Exercise brief ▸
Across the whole listing, return each line exactly, with no images included.

Data segment ▸

'''

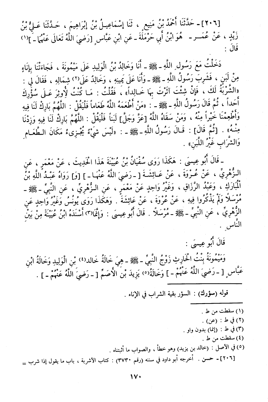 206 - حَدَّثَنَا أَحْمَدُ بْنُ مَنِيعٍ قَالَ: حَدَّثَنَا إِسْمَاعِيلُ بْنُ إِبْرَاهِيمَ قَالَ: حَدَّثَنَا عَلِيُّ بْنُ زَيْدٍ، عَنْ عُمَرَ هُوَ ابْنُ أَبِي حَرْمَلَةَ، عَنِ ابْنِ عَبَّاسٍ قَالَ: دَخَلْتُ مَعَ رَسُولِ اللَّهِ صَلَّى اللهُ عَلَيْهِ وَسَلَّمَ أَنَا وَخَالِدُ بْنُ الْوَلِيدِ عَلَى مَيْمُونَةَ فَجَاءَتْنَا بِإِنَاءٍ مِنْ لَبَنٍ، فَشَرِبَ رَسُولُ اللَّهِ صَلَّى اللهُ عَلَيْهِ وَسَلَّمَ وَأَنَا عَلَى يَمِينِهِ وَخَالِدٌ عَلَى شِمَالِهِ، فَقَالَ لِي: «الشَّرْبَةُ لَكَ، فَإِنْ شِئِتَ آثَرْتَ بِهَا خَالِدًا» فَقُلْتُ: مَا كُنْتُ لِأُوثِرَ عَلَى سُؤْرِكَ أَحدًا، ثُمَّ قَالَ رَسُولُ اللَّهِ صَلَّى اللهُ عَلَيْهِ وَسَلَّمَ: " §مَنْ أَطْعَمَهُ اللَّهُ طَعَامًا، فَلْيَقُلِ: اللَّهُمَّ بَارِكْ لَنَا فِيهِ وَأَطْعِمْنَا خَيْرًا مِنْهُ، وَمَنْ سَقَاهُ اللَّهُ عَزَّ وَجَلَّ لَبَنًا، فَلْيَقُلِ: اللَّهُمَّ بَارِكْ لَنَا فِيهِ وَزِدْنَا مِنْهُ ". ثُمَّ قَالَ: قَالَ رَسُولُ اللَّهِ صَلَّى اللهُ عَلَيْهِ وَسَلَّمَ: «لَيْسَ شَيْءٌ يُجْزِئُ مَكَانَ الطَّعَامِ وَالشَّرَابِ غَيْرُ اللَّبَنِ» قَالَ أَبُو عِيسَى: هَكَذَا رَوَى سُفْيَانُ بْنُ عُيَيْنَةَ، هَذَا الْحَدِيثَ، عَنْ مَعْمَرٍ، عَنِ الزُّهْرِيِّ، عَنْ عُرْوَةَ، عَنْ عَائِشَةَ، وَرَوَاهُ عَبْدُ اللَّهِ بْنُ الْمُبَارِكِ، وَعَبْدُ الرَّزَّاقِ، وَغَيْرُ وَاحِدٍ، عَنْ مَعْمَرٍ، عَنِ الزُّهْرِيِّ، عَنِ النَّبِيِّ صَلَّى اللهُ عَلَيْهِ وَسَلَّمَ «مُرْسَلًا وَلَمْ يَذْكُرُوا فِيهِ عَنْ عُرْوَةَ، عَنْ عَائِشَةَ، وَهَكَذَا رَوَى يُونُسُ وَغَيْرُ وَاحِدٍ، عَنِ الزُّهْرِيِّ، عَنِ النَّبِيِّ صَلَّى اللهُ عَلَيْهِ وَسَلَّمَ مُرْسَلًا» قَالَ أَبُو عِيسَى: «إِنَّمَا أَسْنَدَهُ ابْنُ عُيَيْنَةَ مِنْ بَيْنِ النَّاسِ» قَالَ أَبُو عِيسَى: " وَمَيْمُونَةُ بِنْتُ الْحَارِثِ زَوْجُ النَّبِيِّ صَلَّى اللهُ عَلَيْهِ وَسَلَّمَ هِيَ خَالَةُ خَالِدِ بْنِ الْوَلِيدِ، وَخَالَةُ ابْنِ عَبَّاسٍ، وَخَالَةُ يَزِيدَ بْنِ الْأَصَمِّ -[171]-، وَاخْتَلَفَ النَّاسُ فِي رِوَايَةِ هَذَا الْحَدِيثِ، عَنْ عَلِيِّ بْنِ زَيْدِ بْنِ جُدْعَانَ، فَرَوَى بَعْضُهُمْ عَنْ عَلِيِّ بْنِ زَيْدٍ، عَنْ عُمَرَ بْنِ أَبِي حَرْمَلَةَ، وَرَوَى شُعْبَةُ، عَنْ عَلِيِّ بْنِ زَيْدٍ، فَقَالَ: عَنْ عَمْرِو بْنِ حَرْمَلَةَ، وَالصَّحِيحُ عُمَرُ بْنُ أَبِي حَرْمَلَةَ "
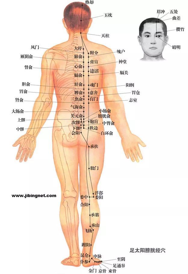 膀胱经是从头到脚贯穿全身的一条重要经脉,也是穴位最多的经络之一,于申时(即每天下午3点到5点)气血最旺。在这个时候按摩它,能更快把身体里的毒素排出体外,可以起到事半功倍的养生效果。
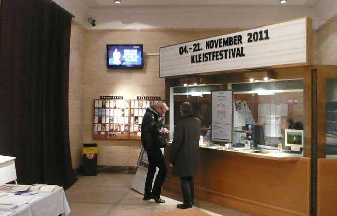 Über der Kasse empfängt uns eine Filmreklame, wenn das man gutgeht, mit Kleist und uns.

'''

Task answer ▸
 206 - حَدَّثَنَا أَحْمَدُ بْنُ مَنِيعٍ قَالَ: حَدَّثَنَا إِسْمَاعِيلُ بْنُ إِبْرَاهِيمَ قَالَ: حَدَّثَنَا عَلِيُّ بْنُ زَيْدٍ، عَنْ عُمَرَ هُوَ ابْنُ أَبِي حَرْمَلَةَ، عَنِ ابْنِ عَبَّاسٍ قَالَ: دَخَلْتُ مَعَ رَسُولِ اللَّهِ صَلَّى اللهُ عَلَيْهِ وَسَلَّمَ أَنَا وَخَالِدُ بْنُ الْوَلِيدِ عَلَى مَيْمُونَةَ فَجَاءَتْنَا بِإِنَاءٍ مِنْ لَبَنٍ، فَشَرِبَ رَسُولُ اللَّهِ صَلَّى اللهُ عَلَيْهِ وَسَلَّمَ وَأَنَا عَلَى يَمِينِهِ وَخَالِدٌ عَلَى شِمَالِهِ، فَقَالَ لِي: «الشَّرْبَةُ لَكَ، فَإِنْ شِئِتَ آثَرْتَ بِهَا خَالِدًا» فَقُلْتُ: مَا كُنْتُ لِأُوثِرَ عَلَى سُؤْرِكَ أَحدًا، ثُمَّ قَالَ رَسُولُ اللَّهِ صَلَّى اللهُ عَلَيْهِ وَسَلَّمَ: " §مَنْ أَطْعَمَهُ اللَّهُ طَعَامًا، فَلْيَقُلِ: اللَّهُمَّ بَارِكْ لَنَا فِيهِ وَأَطْعِمْنَا خَيْرًا مِنْهُ، وَمَنْ سَقَاهُ اللَّهُ عَزَّ وَجَلَّ لَبَنًا، فَلْيَقُلِ: اللَّهُمَّ بَارِكْ لَنَا فِيهِ وَزِدْنَا مِنْهُ ". ثُمَّ قَالَ: قَالَ رَسُولُ اللَّهِ صَلَّى اللهُ عَلَيْهِ وَسَلَّمَ: «لَيْسَ شَيْءٌ يُجْزِئُ مَكَانَ الطَّعَامِ وَالشَّرَابِ غَيْرُ اللَّبَنِ» قَالَ أَبُو عِيسَى: هَكَذَا رَوَى سُفْيَانُ بْنُ عُيَيْنَةَ، هَذَا الْحَدِيثَ، عَنْ مَعْمَرٍ، عَنِ الزُّهْرِيِّ، عَنْ عُرْوَةَ، عَنْ عَائِشَةَ، وَرَوَاهُ عَبْدُ اللَّهِ بْنُ الْمُبَارِكِ، وَعَبْدُ الرَّزَّاقِ، وَغَيْرُ وَاحِدٍ، عَنْ مَعْمَرٍ، عَنِ الزُّهْرِيِّ، عَنِ النَّبِيِّ صَلَّى اللهُ عَلَيْهِ وَسَلَّمَ «مُرْسَلًا وَلَمْ يَذْكُرُوا فِيهِ عَنْ عُرْوَةَ، عَنْ عَائِشَةَ، وَهَكَذَا رَوَى يُونُسُ وَغَيْرُ وَاحِدٍ، عَنِ الزُّهْرِيِّ، عَنِ النَّبِيِّ صَلَّى اللهُ عَلَيْهِ وَسَلَّمَ مُرْسَلًا» قَالَ أَبُو عِيسَى: «إِنَّمَا أَسْنَدَهُ ابْنُ عُيَيْنَةَ مِنْ بَيْنِ النَّاسِ» قَالَ أَبُو عِيسَى: " وَمَيْمُونَةُ بِنْتُ الْحَارِثِ زَوْجُ النَّبِيِّ صَلَّى اللهُ عَلَيْهِ وَسَلَّمَ هِيَ خَالَةُ خَالِدِ بْنِ الْوَلِيدِ، وَخَالَةُ ابْنِ عَبَّاسٍ، وَخَالَةُ يَزِيدَ بْنِ الْأَصَمِّ -[171]-، وَاخْتَلَفَ النَّاسُ فِي رِوَايَةِ هَذَا الْحَدِيثِ، عَنْ عَلِيِّ بْنِ زَيْدِ بْنِ جُدْعَانَ، فَرَوَى بَعْضُهُمْ عَنْ عَلِيِّ بْنِ زَيْدٍ، عَنْ عُمَرَ بْنِ أَبِي حَرْمَلَةَ، وَرَوَى شُعْبَةُ، عَنْ عَلِيِّ بْنِ زَيْدٍ، فَقَالَ: عَنْ عَمْرِو بْنِ حَرْمَلَةَ، وَالصَّحِيحُ عُمَرُ بْنُ أَبِي حَرْمَلَةَ "
 膀胱经是从头到脚贯穿全身的一条重要经脉,也是穴位最多的经络之一,于申时(即每天下午3点到5点)气血最旺。在这个时候按摩它,能更快把身体里的毒素排出体外,可以起到事半功倍的养生效果。
 Über der Kasse empfängt uns eine Filmreklame, wenn das man gutgeht, mit Kleist und uns.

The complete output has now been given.